*TRY IT:* From the first line to the last, write out the records exactly, leaving the pictures behind.

Start of SUPPLIED MATERIAL

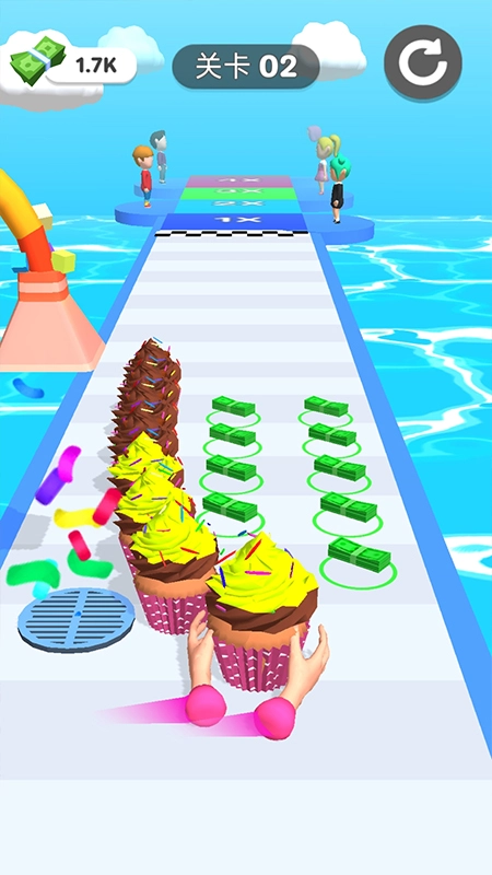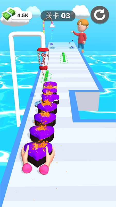 2、玩家在跑酷过程中,需要收集各种食材,并将它们组合成美味的甜点;
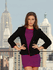 Chicly shaped blazer is double breasted with four marbled black buttons. Single breast pocket, two front besom pockets. Fully lined. Wool/cotton. By Minnie Mortimer. USA. Black.
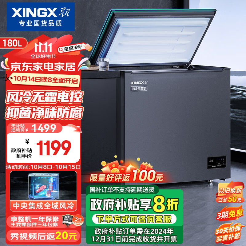 星星(XINGX)180升家用商用风冷无霜茶叶保鲜冰柜 冷藏冷冻转换卧式冷柜 电脑控温节能顶开门BD/BC-180WKA国补价格:1498.00元!
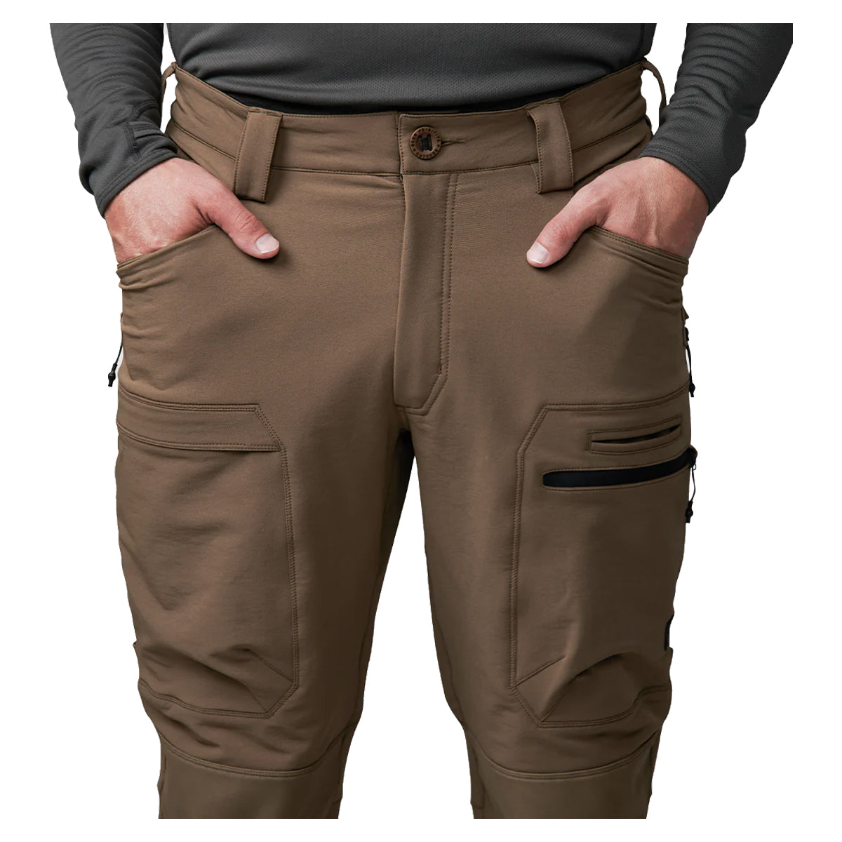 Walking around town or through the brush on a stalk, The Frontier Pant provides you with the ultimate comfort and quality needed to get through the day. Able to stretch with you, there is no need to worry about being limited in your range of motion, allowing you to push through the task at hand. Whether it’s a sunny day or you get warm from a stalk-in, the Frontier Pant has ventilated zippers built into the legs to help keep you comfortable in all conditions. With Ballistic Nylon Reinforced knees and seat, the Frontier Pant can withstand anything you can throw at them season after season. Born Primitive advanced 9-pocket system includes 2 large front pockets with coin pockets, 2 low-profile cargo pockets, a rear zipper pocket, and a rear open-welt pocket to store essentials like gloves, phone, satellite communicator, and knife. The Frontier Pant Light is also available when hunting or scouting in warmer climates.
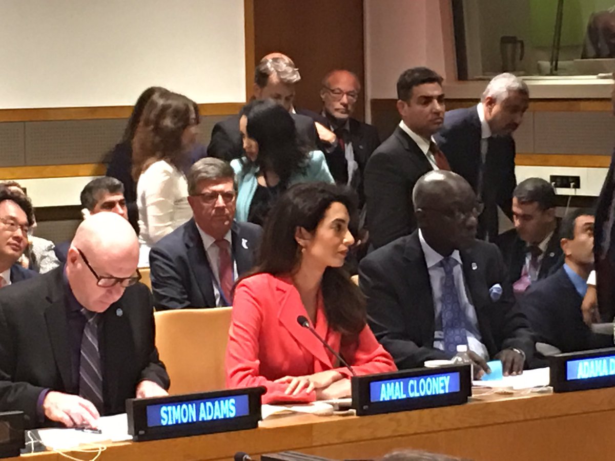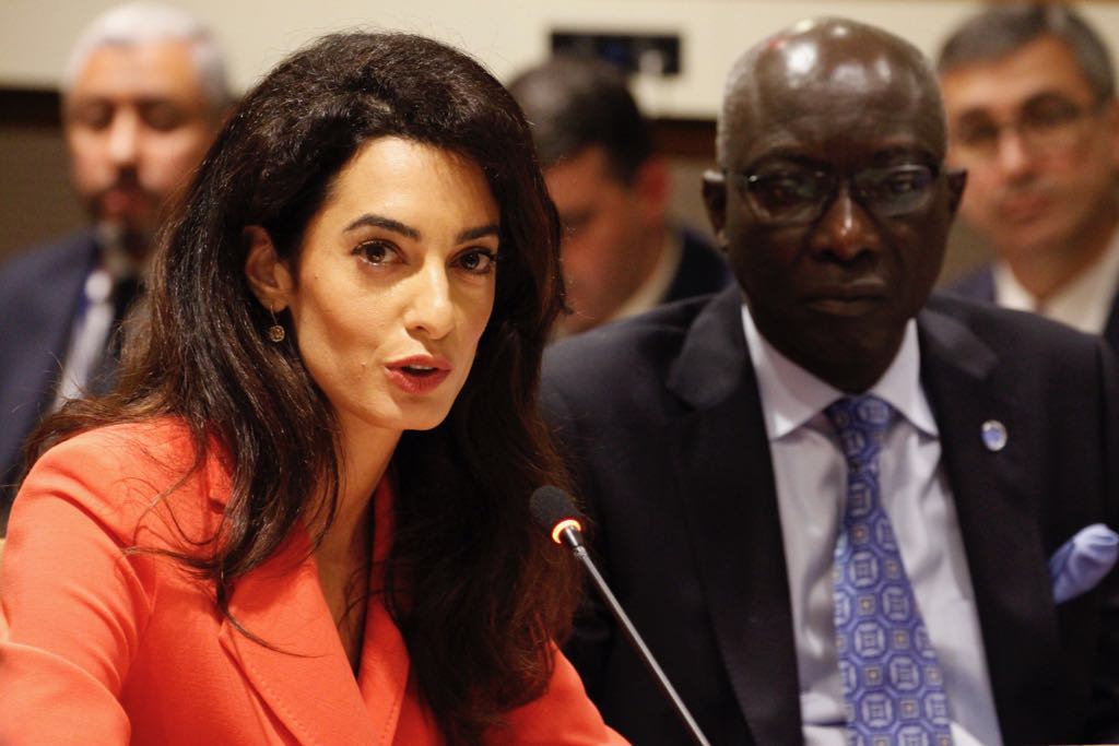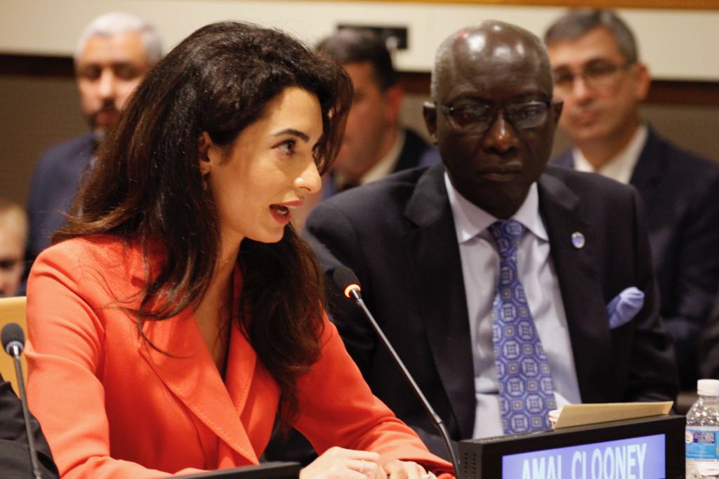Amal Clooney and Nadia Murad take part in the UN General Assembly to denounce the Yazidi genocide on September 19th , 2016 in New York.
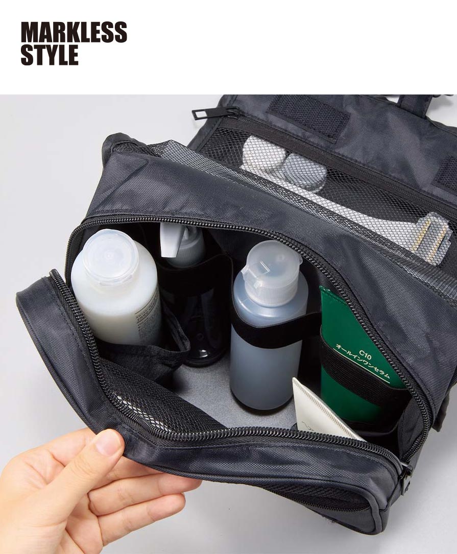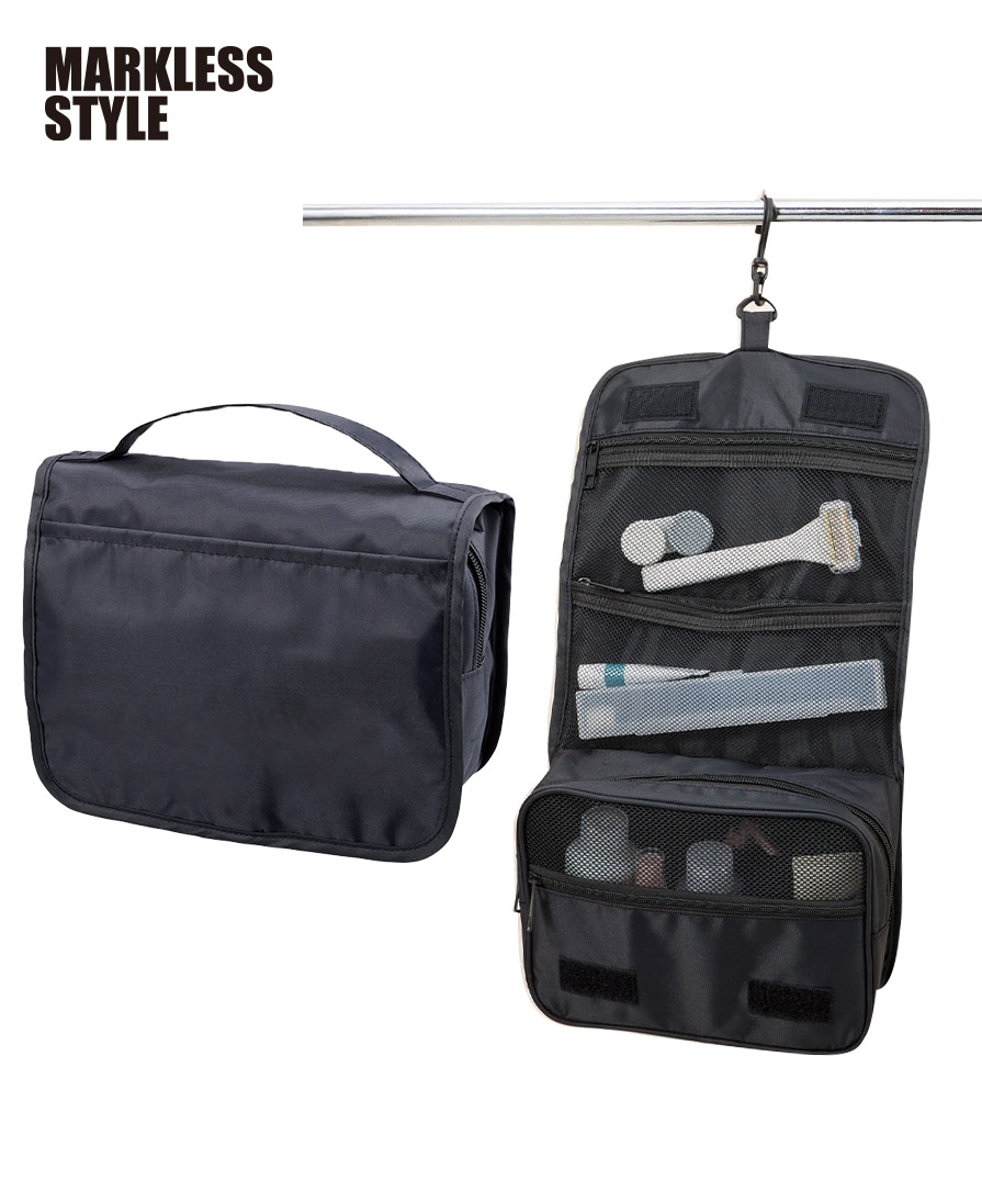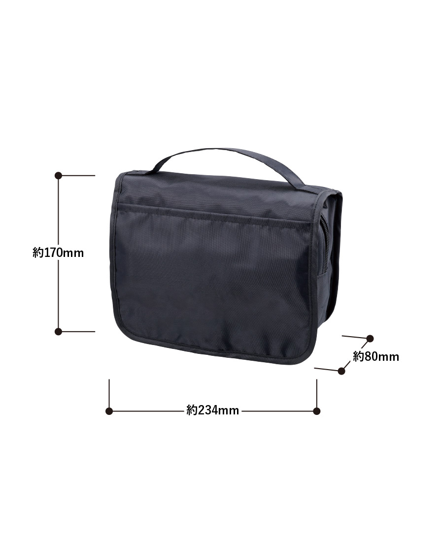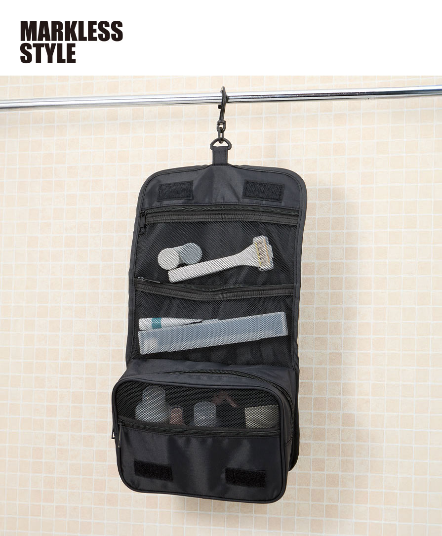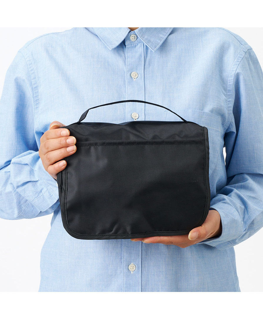 旅先でも洗面台まわりをスマートに整える、3段式のハンギングポーチ。広げて吊り下げるだけで中身が一目で確認でき、洗面用具ポーチや化粧ポーチとしての使い勝手をとことん追求した設計です。化粧品ボトルが立てたまま収まる余裕のあるサイズ感で、旅行用ポーチとしてはもちろん、出張用ポーチや長期滞在にも頼れる存在。

End of SUPPLIED MATERIAL

*TASK ANSWER:*
 2、玩家在跑酷过程中,需要收集各种食材,并将它们组合成美味的甜点;
 Chicly shaped blazer is double breasted with four marbled black buttons. Single breast pocket, two front besom pockets. Fully lined. Wool/cotton. By Minnie Mortimer. USA. Black.
 星星(XINGX)180升家用商用风冷无霜茶叶保鲜冰柜 冷藏冷冻转换卧式冷柜 电脑控温节能顶开门BD/BC-180WKA国补价格:1498.00元!
 Walking around town or through the brush on a stalk, The Frontier Pant provides you with the ultimate comfort and quality needed to get through the day. Able to stretch with you, there is no need to worry about being limited in your range of motion, allowing you to push through the task at hand. Whether it’s a sunny day or you get warm from a stalk-in, the Frontier Pant has ventilated zippers built into the legs to help keep you comfortable in all conditions. With Ballistic Nylon Reinforced knees and seat, the Frontier Pant can withstand anything you can throw at them season after season. Born Primitive advanced 9-pocket system includes 2 large front pockets with coin pockets, 2 low-profile cargo pockets, a rear zipper pocket, and a rear open-welt pocket to store essentials like gloves, phone, satellite communicator, and knife. The Frontier Pant Light is also available when hunting or scouting in warmer climates.
Amal Clooney and Nadia Murad take part in the UN General Assembly to denounce the Yazidi genocide on September 19th , 2016 in New York.
 旅先でも洗面台まわりをスマートに整える、3段式のハンギングポーチ。広げて吊り下げるだけで中身が一目で確認でき、洗面用具ポーチや化粧ポーチとしての使い勝手をとことん追求した設計です。化粧品ボトルが立てたまま収まる余裕のあるサイズ感で、旅行用ポーチとしてはもちろん、出張用ポーチや長期滞在にも頼れる存在。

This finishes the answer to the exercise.